Однако втайне мы любили капитализм. Конечно, не за бедность и спекуляции, а за всякие другие вещи, которых у нас тоже не было: за пластинки Оззи Осборна и Ван Халена, за обнаженных грудастых блондинок, что улыбались нам с переснятых из «Плейбоя» черно-белых картинках дурного качества, за жвачку, из которой можно было выдувать шары, и за намасленные бицепсы Арнольда Шварценеггера. Поэтому нашему поколению казалось, будто найти правильный путь в будущее это раз плюнуть. Нужно всего лишь взять лучшее от капитализма и внедрить это в нашу социалистическую реальность, а все дурное проигнорировать. Но капитализм с социализмом упорно не желали спариваться. Вероятно, плохое и хорошее в западном капитализме и тогдашнем социализме настолько переплелось, что расчленению не подлежало. За это социализм заплатил собственной жизнью, однако скоро мы похороним и капитализм. По крайней мере в том случае, если он будет и дальше подвергаться столь яростной критике, как это происходит на уроках этики в типичной немецкой школе XXI столетия.
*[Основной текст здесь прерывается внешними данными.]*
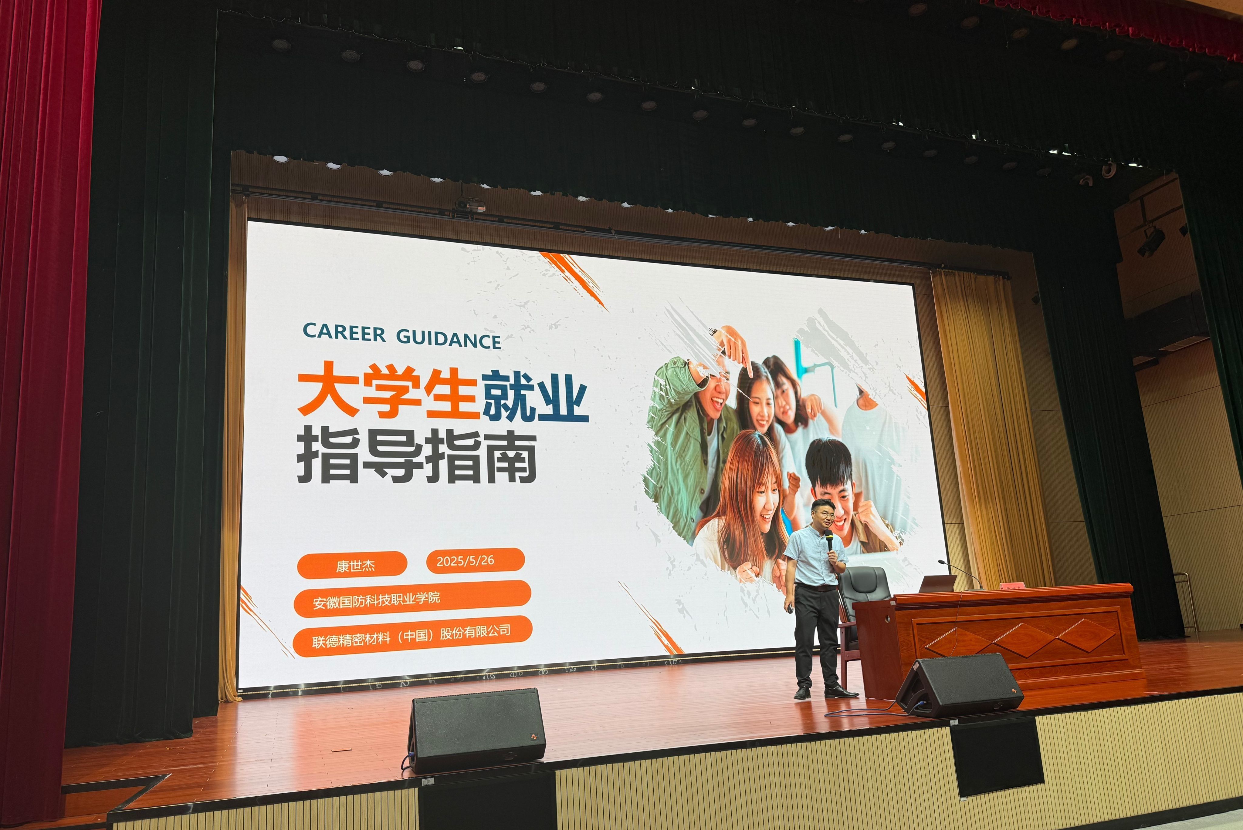 会议特别邀请了联德精密材料(中国)股份有限公司人力资源部部长、万象城官网优秀毕业生康世杰为同学们做就业指导讲座。他系统地从“校园人”到“职场人”的角色转换要点、职业适应期的关键技巧、职业发展路径规划方法、职场转型的注意事项、简历制作的实用技巧五个维度展开讲解。

На этих уроках все проблемы рассматриваются с точки зрения так называемого общества, и с этой же точки зрения умозаключается, что хорошо, а что плохо. Наряду с социальными проблемами типа сосуществования в обществе или сексуальной направленности, наряду с дискуссиями на темы вроде «Зачем нужны старики» или «Как выглядит сегодня типичный немец» на занятиях усердно муссируется закат капитализма. Вот совсем недавно, когда я был в разъездах по читательским конференциям, мне позвонила дочка и попросила помочь с заданием по этике. Они готовились к дискуссии об основных чертах капиталистической экономики, и для этого класс должен был разделиться на капиталистов и социалистов, на работодателей и трудящихся, на богатых и бедных. При этом никто не хотел быть богатым капиталистом, все выбрали противоположный лагерь. А моя дочь прошляпила и теперь чуть ли не в одиночку вынуждена была выступать за богачку. И ей срочно нужны были аргументы, чем личное богатство может быть хорошо для общества. Кроме того, ученики должны были дать толкование высказыванию Кеннеди: приливы поднимают все лодки. Актуально ли это высказывание по сей день и что вообще Кеннеди имел в виду?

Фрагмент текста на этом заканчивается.